Subscriber News: April 2019
Recent Honors
Congratulations to Barbara de la Cuesta. Her collection of stories, The Place Where Judas Lost his Boots, won the 2019 Brighthorse Book Prize. This contest gives three prizes of $1,000 and publication for manuscripts of poetry, short fiction, and novels; the 2020 award is now open through August 16. Her novella, The Twenty and One Nights, will be published in an upcoming anthology from Running Wild Press.
Congratulations to Evelyn Krieger. Her essay "The Geometry of Grief" was a runner-up in the Wow! Women on Writing 2018 Q1 Essay Contest and was published on their website. See the current deadline schedule here.
Congratulations to Trent Busch. His poetry collection not one bit of this is your fault was published by Cyberwit.net in March and is available on Amazon. Read his winning poem from our 2016 Margaret Reid Poetry Contest here. Cyberwit.net is a small literary press in India that also publishes the Taj Mahal Review.
Congratulations to Mary K. O'Melveny. Her poem "Travels to the Valley of Lost Things" won the 2019 Slippery Elm Prize in Poetry. The most recent submission period for this $500 award was December 1-February 1. Slippery Elm is the literary journal of the University of Findlay (Ohio).
Congratulations to Gary Beck. His novel Flare Up was released in March by Wordcatcher Publishing. The protagonist of Flare Up is a young art dealer who is caught up in political unrest in London.
Congratulations to Sheila K. Barksdale and Patricia J. Machmiller. They were among the 11 top winners in the 2019 Haiku Calendar Competition from Snapshot Press. Winning Writers subscriber Roberta Beary was among the runners-up. Now available for pre-order, the 2020 desk calendar will feature 52 haiku by the 42 winners and runners-up. See sample poems on their website.
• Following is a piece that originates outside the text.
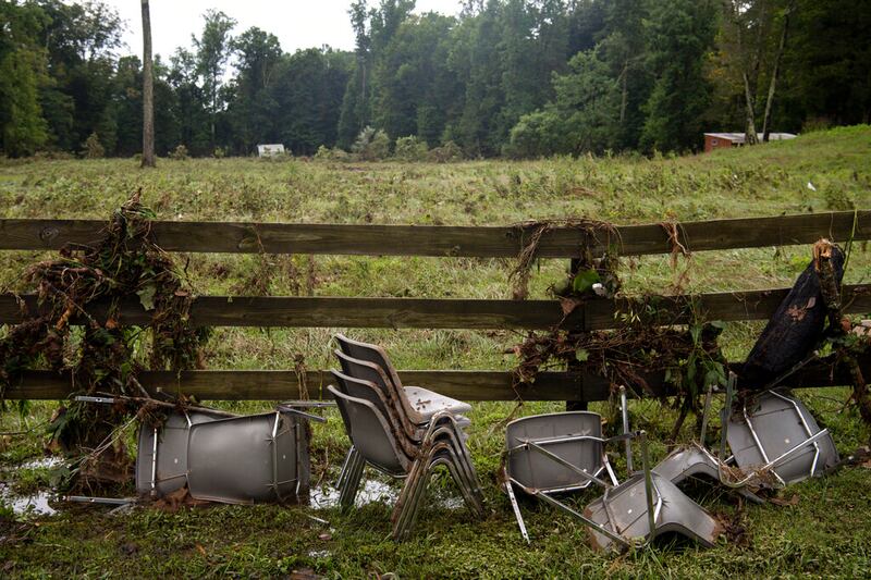 Tennessee flooding Chairs picked up by flood water are strewn along Sam Hollow Road following heavy rainfall on Saturday, Aug. 21, 2021, in Dickson, Tenn. (Josie Norris/The Tennessean via AP) (Josie Norris/AP)

Congratulations to R. Bremner. His newest chapbook, Pencil Sketches, was recently published by Clare Songbirds Publishing House. The book is a collection of poetic vignettes about some famous, some not-so-famous people, including Norman Mailer, Earl "The Pearl" Monroe, Jim Morrison, Lyn Lifshin, Mariska "I'm your Venus" Veres, and others.
Recent Publications
Don Mitchell and Ruth Thompson were profiled in Eastern New Mexico News on March 13. The writer couple, who run Saddle Road Press in Hilo, HI, taught writing and photography classes in March as holders of the Jack Williamson Endowed Chairs in Science and Humanities at Eastern New Mexico University. Mitchell is an ecological anthropologist, writer, and photographer; Thompson is an award-winning poet who teaches writing and meditation. Her newest poetry collection, Whale Fall & Black Sage, came out in December 2018.
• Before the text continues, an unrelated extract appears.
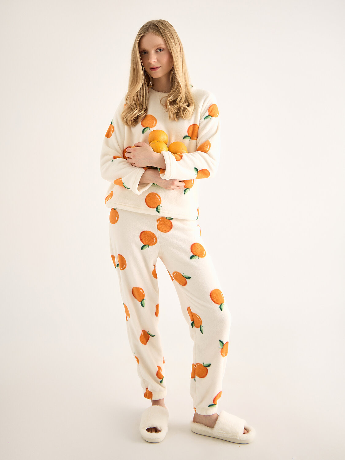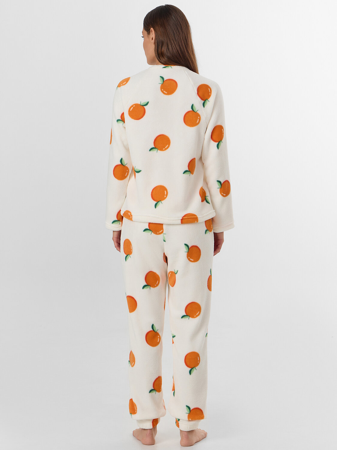Молочная домашняя пижама для женщин с солнечным принтом мандаринов подарит ощущение тепла и уюта. Нежный плюшевый материал невероятно мягкий и приятный к телу, а яркие цитрусы на джемпере и брюках создают радостное настроение.

Sarah Kornfeld was interviewed at Independent Book Review by British literary critic and fiction writer Jack Messenger about her debut novel What Stella Sees (Cove International Publishers, 2018). In the accompanying book review, he says, "Sarah Kornfeld's writing is frequently surprising and audacious, with passages of sustained brilliance." Sarah is a founding member of the Blue Mind Collective studying the impact of the ocean on our lives and well-being. The novel is the coming-of-age story of a young woman artist with epilepsy who has visions of an underwater world during her seizures. Sarah says, "The research is astounding: we must have water to reboot our brains, get a 'blue mind' which is meditative and healing...I wanted to explore a young person's ocean genius, for most children have this insight about the power of water, but are told not to pay attention to that wisdom."
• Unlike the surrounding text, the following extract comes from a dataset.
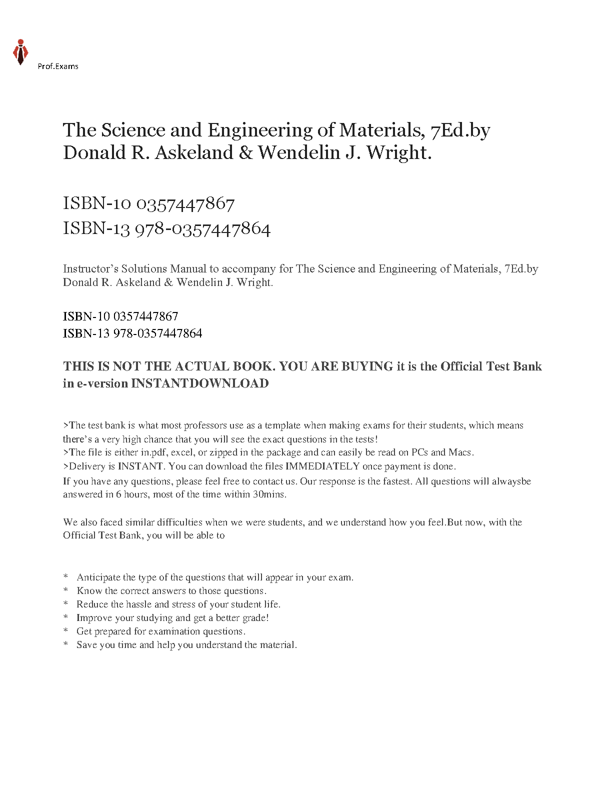 The Science and Engineering of Materials: Enhanced Seventh Edition by Donald R. Askeland and Wendelin J. Wright TEST BANK

Paul C. Thornton's travel guide The Joy of Cruising is now available on Amazon. From the book blurb: "Thornton profiles travelers from all over the world with a passion for cruising and who act on that passion in creative and fascinating ways. From millennials to 90-something's; from a Grammy award winner, Poker Hall of Famer, winner of the TV series Last Comic Standing, cruise ship Godmother, to 'ordinary' cruisers doing extraordinary things, The Joy of Cruising will fascinate anyone who has ever cruised, aspires to take a cruise, or just loves travel." Paul won the Memoir category of our 2017 North Street Book Prize for White Man's Disease.
R.T. Castleberry's poem "The Geography of Decline" was published in The Pedestal Magazine.
Yvonne Chism-Peace's poem "The Life of Rally, 1951-1953" was published at Poets Reading the News. This persona poem in the voice of a sick child was inspired by recent news articles about the resurgence of deadly childhood diseases like measles and mumps because parents are opting out of vaccination.